EXERCISE REQUIREMENTS
Go to the line with "裏山広場に到着です🙌ひよこ組とあひる組さんたちとゆったり遊んでいきます💪" in the entries below and write out every line from there through the line with "Contemporary wooden sideboard", exactly and without pictures.

DATASET RECORDS
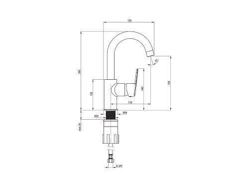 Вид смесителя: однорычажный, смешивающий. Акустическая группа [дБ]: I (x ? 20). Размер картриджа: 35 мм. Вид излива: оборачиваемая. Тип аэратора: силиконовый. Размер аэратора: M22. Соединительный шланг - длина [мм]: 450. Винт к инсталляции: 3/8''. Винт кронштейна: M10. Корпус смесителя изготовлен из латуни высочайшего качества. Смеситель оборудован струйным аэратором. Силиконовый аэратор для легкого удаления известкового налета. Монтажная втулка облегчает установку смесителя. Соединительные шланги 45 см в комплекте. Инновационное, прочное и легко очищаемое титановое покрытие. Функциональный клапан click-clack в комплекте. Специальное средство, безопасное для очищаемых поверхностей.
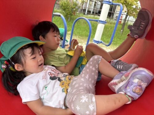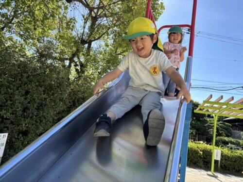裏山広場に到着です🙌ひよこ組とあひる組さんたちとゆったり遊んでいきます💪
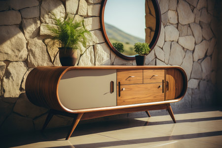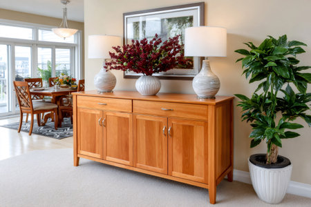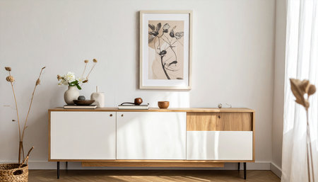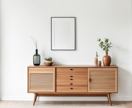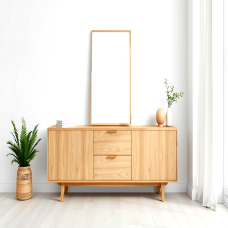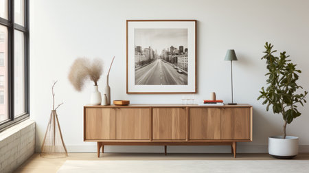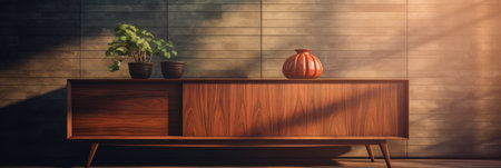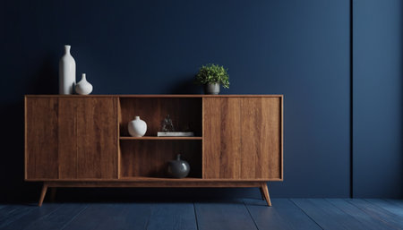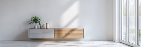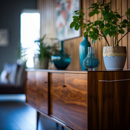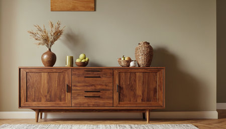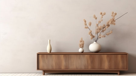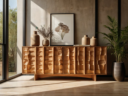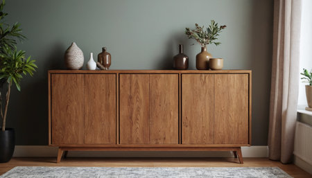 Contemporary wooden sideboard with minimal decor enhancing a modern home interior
* * *
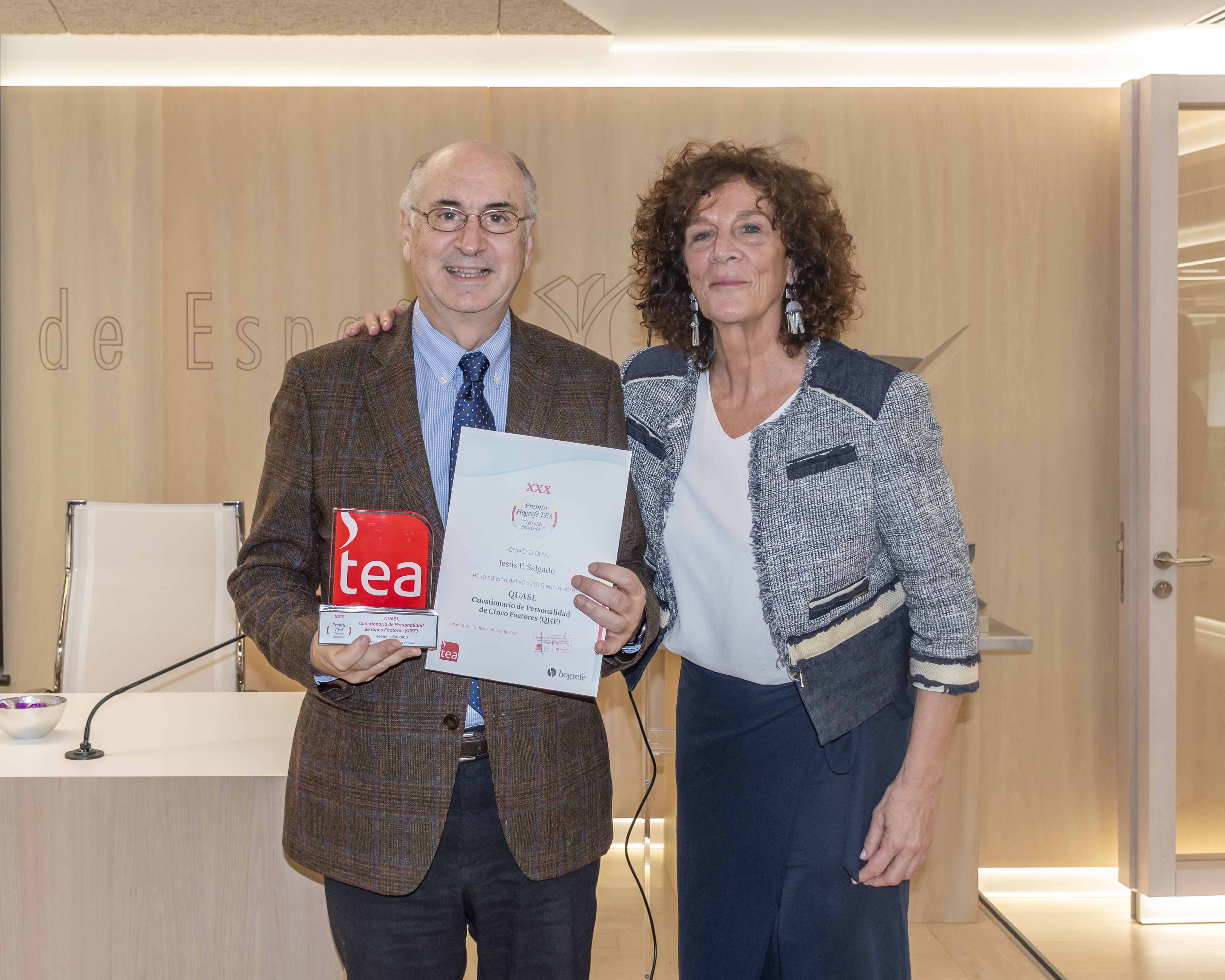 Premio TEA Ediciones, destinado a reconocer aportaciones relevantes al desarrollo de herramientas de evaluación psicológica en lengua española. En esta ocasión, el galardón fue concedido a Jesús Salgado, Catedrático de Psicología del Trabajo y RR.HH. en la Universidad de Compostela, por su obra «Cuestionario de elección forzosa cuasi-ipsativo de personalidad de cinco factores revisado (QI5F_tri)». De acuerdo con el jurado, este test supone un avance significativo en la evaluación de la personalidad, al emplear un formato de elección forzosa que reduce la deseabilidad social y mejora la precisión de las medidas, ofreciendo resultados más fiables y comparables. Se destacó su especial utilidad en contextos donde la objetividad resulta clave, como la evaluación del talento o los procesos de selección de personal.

RESPONSE TO THIS EXERCISE
裏山広場に到着です🙌ひよこ組とあひる組さんたちとゆったり遊んでいきます💪
 Contemporary wooden sideboard with minimal decor enhancing a modern home interior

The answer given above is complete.